## INSTRUCTIONS FOR THE TASK:
Every line in the listing should be set down again verbatim.
━━━
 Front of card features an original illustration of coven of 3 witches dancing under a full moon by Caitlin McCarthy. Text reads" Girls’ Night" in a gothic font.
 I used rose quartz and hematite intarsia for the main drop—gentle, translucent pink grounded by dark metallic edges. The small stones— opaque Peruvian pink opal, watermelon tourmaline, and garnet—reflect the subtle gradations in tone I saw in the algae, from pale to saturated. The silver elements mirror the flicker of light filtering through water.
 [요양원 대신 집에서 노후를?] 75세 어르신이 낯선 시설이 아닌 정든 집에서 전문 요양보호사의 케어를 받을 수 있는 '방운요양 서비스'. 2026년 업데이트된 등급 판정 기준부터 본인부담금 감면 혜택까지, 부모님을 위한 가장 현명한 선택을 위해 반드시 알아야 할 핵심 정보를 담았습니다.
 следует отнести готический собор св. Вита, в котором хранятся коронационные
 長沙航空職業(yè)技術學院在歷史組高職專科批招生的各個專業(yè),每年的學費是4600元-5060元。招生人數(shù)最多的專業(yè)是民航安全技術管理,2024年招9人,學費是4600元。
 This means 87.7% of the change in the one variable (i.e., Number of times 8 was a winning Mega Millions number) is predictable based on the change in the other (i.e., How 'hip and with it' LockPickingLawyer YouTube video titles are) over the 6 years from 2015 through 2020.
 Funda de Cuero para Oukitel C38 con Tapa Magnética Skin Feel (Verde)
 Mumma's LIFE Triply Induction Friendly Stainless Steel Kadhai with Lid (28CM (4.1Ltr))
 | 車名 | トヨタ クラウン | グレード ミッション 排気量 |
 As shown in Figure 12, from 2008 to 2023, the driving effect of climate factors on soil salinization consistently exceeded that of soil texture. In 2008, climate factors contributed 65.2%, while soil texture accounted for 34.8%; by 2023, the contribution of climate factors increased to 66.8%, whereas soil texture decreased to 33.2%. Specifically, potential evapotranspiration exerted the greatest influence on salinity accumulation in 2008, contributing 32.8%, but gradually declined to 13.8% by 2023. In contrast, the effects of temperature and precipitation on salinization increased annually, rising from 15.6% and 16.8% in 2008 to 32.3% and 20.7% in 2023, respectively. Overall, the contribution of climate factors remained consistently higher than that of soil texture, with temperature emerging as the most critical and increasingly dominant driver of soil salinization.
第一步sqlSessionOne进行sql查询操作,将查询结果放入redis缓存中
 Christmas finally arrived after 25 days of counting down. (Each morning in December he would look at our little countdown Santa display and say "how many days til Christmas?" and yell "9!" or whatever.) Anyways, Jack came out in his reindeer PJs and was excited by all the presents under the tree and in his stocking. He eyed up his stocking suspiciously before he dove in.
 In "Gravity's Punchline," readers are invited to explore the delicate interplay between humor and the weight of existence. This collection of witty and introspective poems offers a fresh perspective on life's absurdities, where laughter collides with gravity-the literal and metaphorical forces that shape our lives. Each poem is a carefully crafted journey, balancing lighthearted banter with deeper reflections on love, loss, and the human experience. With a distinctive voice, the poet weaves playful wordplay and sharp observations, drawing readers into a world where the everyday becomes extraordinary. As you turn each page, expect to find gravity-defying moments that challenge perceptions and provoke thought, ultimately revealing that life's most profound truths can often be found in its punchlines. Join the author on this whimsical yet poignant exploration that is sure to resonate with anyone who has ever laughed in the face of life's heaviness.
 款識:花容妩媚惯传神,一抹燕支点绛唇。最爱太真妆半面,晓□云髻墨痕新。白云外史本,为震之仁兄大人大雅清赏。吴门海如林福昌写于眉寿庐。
━━━
## RESPONSE BELOW:
 Front of card features an original illustration of coven of 3 witches dancing under a full moon by Caitlin McCarthy. Text reads" Girls’ Night" in a gothic font.
 I used rose quartz and hematite intarsia for the main drop—gentle, translucent pink grounded by dark metallic edges. The small stones— opaque Peruvian pink opal, watermelon tourmaline, and garnet—reflect the subtle gradations in tone I saw in the algae, from pale to saturated. The silver elements mirror the flicker of light filtering through water.
 [요양원 대신 집에서 노후를?] 75세 어르신이 낯선 시설이 아닌 정든 집에서 전문 요양보호사의 케어를 받을 수 있는 '방운요양 서비스'. 2026년 업데이트된 등급 판정 기준부터 본인부담금 감면 혜택까지, 부모님을 위한 가장 현명한 선택을 위해 반드시 알아야 할 핵심 정보를 담았습니다.
 следует отнести готический собор св. Вита, в котором хранятся коронационные
 長沙航空職業(yè)技術學院在歷史組高職專科批招生的各個專業(yè),每年的學費是4600元-5060元。招生人數(shù)最多的專業(yè)是民航安全技術管理,2024年招9人,學費是4600元。
 This means 87.7% of the change in the one variable (i.e., Number of times 8 was a winning Mega Millions number) is predictable based on the change in the other (i.e., How 'hip and with it' LockPickingLawyer YouTube video titles are) over the 6 years from 2015 through 2020.
 Funda de Cuero para Oukitel C38 con Tapa Magnética Skin Feel (Verde)
 Mumma's LIFE Triply Induction Friendly Stainless Steel Kadhai with Lid (28CM (4.1Ltr))
 | 車名 | トヨタ クラウン | グレード ミッション 排気量 |
 As shown in Figure 12, from 2008 to 2023, the driving effect of climate factors on soil salinization consistently exceeded that of soil texture. In 2008, climate factors contributed 65.2%, while soil texture accounted for 34.8%; by 2023, the contribution of climate factors increased to 66.8%, whereas soil texture decreased to 33.2%. Specifically, potential evapotranspiration exerted the greatest influence on salinity accumulation in 2008, contributing 32.8%, but gradually declined to 13.8% by 2023. In contrast, the effects of temperature and precipitation on salinization increased annually, rising from 15.6% and 16.8% in 2008 to 32.3% and 20.7% in 2023, respectively. Overall, the contribution of climate factors remained consistently higher than that of soil texture, with temperature emerging as the most critical and increasingly dominant driver of soil salinization.
第一步sqlSessionOne进行sql查询操作,将查询结果放入redis缓存中
 Christmas finally arrived after 25 days of counting down. (Each morning in December he would look at our little countdown Santa display and say "how many days til Christmas?" and yell "9!" or whatever.) Anyways, Jack came out in his reindeer PJs and was excited by all the presents under the tree and in his stocking. He eyed up his stocking suspiciously before he dove in.
 In "Gravity's Punchline," readers are invited to explore the delicate interplay between humor and the weight of existence. This collection of witty and introspective poems offers a fresh perspective on life's absurdities, where laughter collides with gravity-the literal and metaphorical forces that shape our lives. Each poem is a carefully crafted journey, balancing lighthearted banter with deeper reflections on love, loss, and the human experience. With a distinctive voice, the poet weaves playful wordplay and sharp observations, drawing readers into a world where the everyday becomes extraordinary. As you turn each page, expect to find gravity-defying moments that challenge perceptions and provoke thought, ultimately revealing that life's most profound truths can often be found in its punchlines. Join the author on this whimsical yet poignant exploration that is sure to resonate with anyone who has ever laughed in the face of life's heaviness.
 款識:花容妩媚惯传神,一抹燕支点绛唇。最爱太真妆半面,晓□云髻墨痕新。白云外史本,为震之仁兄大人大雅清赏。吴门海如林福昌写于眉寿庐。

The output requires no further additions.